On Contradicting Yourself

by F.

The WSJ had a piece yesterday on how financial advisers screw you. It’s a 7 point summary of typical sales tactics like the presumptive close. One of them was new to me, though:

Similarly, salespeople may take advantage of your desire to appear consistent. Early on, you might mention a concern about market declines. Later, when you get squeamish about buying, the salesperson might counter by saying, “I thought you said you were concerned about market declines.”

I remember as a baby lawyer getting hit with this one. In a negotiation, I would sometimes say X (not knowing what I was doing) and then, when I changed my position to Y (after realizing my earlier mistake), the other side would make a big deal about it. “But you said X? How is at that you said X before and now you’re saying Y?” I felt like an idiot changing my mind, which was the other side’s goal. Usually I stuck to Y, but it wasn’t comfortable.

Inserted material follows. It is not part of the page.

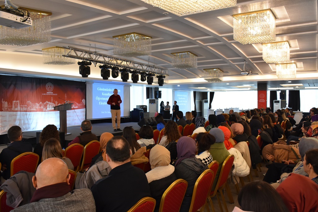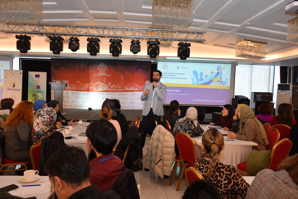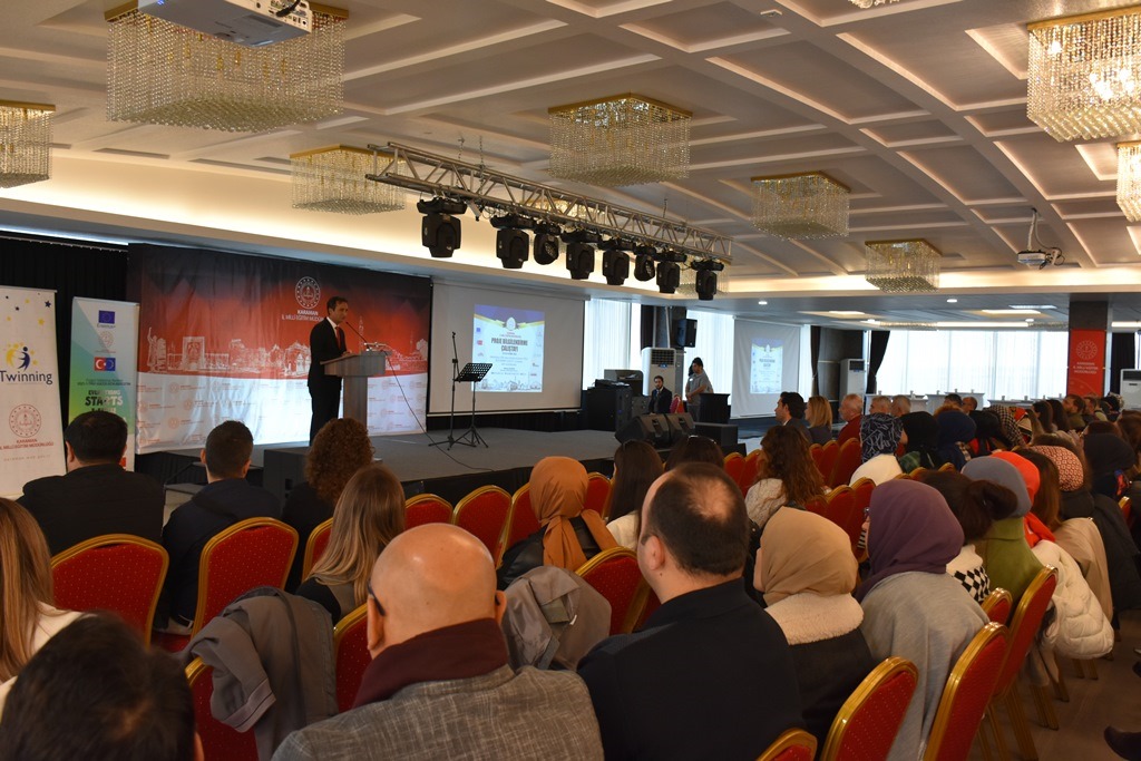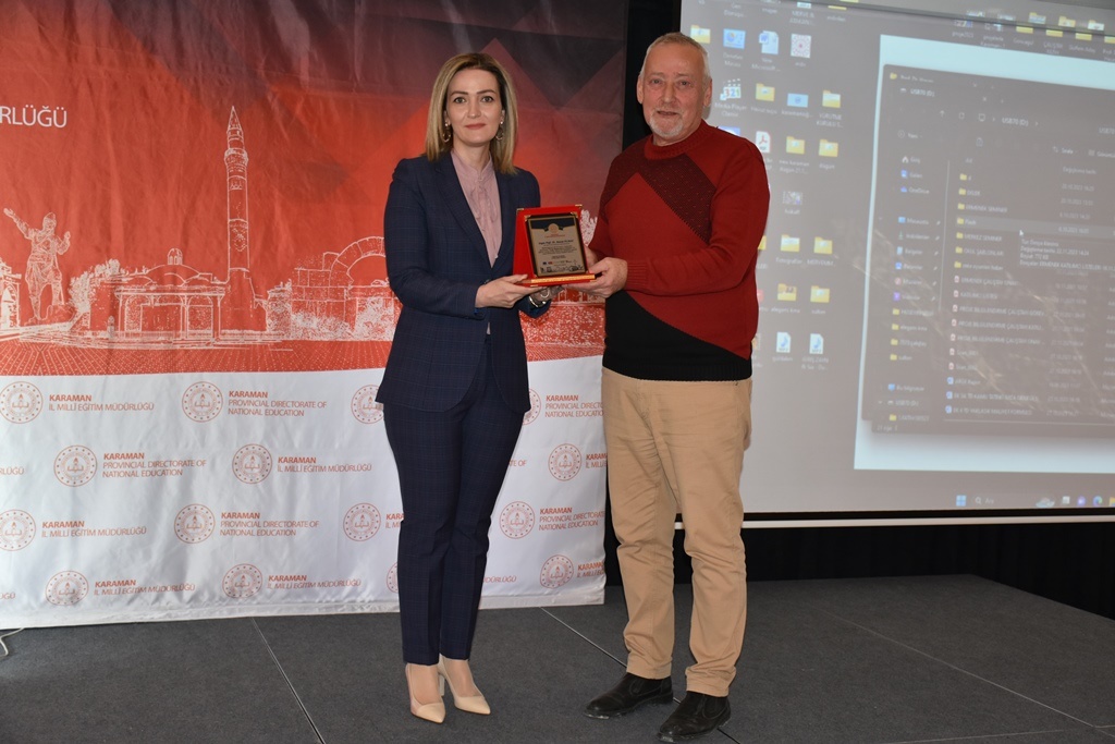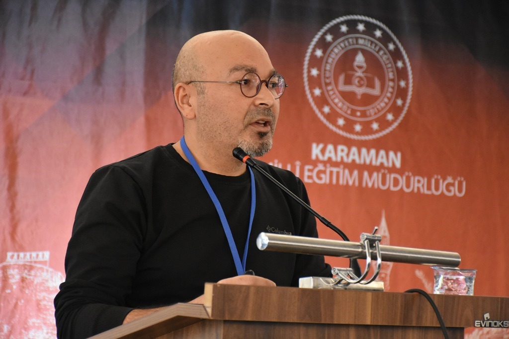 New Karaman Otel’de 29-30 Kasım 2023 tarihinde gerçekleştirilen Proje Bilgilendirme Çalıştay’ı AR-GE çalışmaları ve ‘Projelerle Karaman’ tanıtım videosunun gösterimi ile başladı. Çalıştayın açış konuşmasını İl Millî Eğitim Müdürü Mehmet Çalışkan yaptı.Proje Bilgilendirme Çalıştay’ının Karaman eğitim camiasına hayırlı olması dileğiyle konuşmasına başlayan İl Müdürü Mehmet Çalışkan, çalıştayın öğretmenlere meslekî anlamda önemli katkılar saylayacağını ifade etti. Çalışkan, “Geniş bir kalıtımın sağlanması ve gönüllü olarak bu çalıştaya katılmanız bizleri mutlu etti. Bu çalışmanın yansımalarını sizler meslekî anlamda yaşarken alanda yani sınıflarda sizlerin aracılığıyla öğrencilerimize de önemli katkılar saylayacağını düşünüyorum. İki gün sürecek çalıştayımızın düzenlenmesinde emeği geçen başta Müdür Yardımcımız İsmail Kılınç olmak üzere AR-GE birimindeki ekip arkadaşlarımıza ve katılımızdan dolayı sizlere teşekkür ediyorum.” dedi.İl Millî Eğitim Müdürü Mehmet Çalışkan’ın konuşmasının ardından Necmettin Erbakan Üniversitesi Ahmet Keleşoğlu Eğitim Fakültesi Eğitim Bilimleri Bölümü Rehberlik ve Psikolojik Danışmanlık Anabilim Dalı Öğretim Üyesi Prof. Dr. Hasan Yılmaz, “Günümüzün Değişen Koşullarında Öğretmenlik Rollerimize Eleştirel Bir Bakış" adlı konuşmayı yaptı.

The solution to this little problem, of course, is that it doesn’t mean anything if you change your mind. Change it at will. After more experience, I would just say, “Yeah. I changed my mind.” If the other side made a stink, I just ignored it—sort of like letting a baby cry itself out. “Are you done yet?” This can actually have a positive effect on the negotiation because it makes you appear irrational. Sometimes that benefits you. Or, if I didn’t want to appear irrational, or I didn’t feel like being an asshole that day, I would just make up some lie. “Yeah, I said X, but my boss said we should do Y. I’m sorry. My hands are tied.”

Incidentally, this tactic—“my boss won’t let me do it”—is probably the most typical negotiating tactic I’ve seen, even at the exec level. And friends who are experience negotiators agree. I knew a very experienced manager who used to work at MITI in Japan, then worked at a big US company. He was a very clever guy. He said that, no matter how high you go, everyone uses that tactic. At Microsoft, it was “Bill will kick my ass if I give this concession” or “Allchin will kick my ass if I do such-and-such.” The “boss” figure can be anyone, though—wife, husband, boss, child, business partner, political constituent. Doesn’t matter. You just say you are constrained by some outside force (nowadays, you can say some bullshit like “Sarbanes-Oxley won’t let me do it” or whatever regulation ties up your business). Often, probably usually, it’s a lie. But that’s the game.

Another benefit of using this tactic, even if it is a lie, is that it relaxes you. You feel constrained and this lowers your stress level, because you are not able to really make a decision. You’re “just following orders.” The countermove, of course, is “Well, you need to bring someone to the table who can make decisions.” But the counter to that is, “My boss’ time is valuable. I’m his or her delegate, so you talk to me.” I actually never had to play that card. Most business people are used to being drones in a large hive, so they understand that you are one, too.

In any event, while in the intellectual world it’s bad to be inconsistent, in the Alice in Wonderland world of sales and negotiation it doesn’t mean dick. Generally, you don’t need to worry about contradicting yourself when negotiating. Just get the best deal and run like hell. If you are a pain in the ass to negotiate with, that’s good. It means people won’t want to screw with you next time around. And even better, the second time around you can make minor concessions and the other side thinks you are super nice, because they’re “anchored” by the previous negotiation, relative to which you’re now a really cooperative person. Perverse, but true.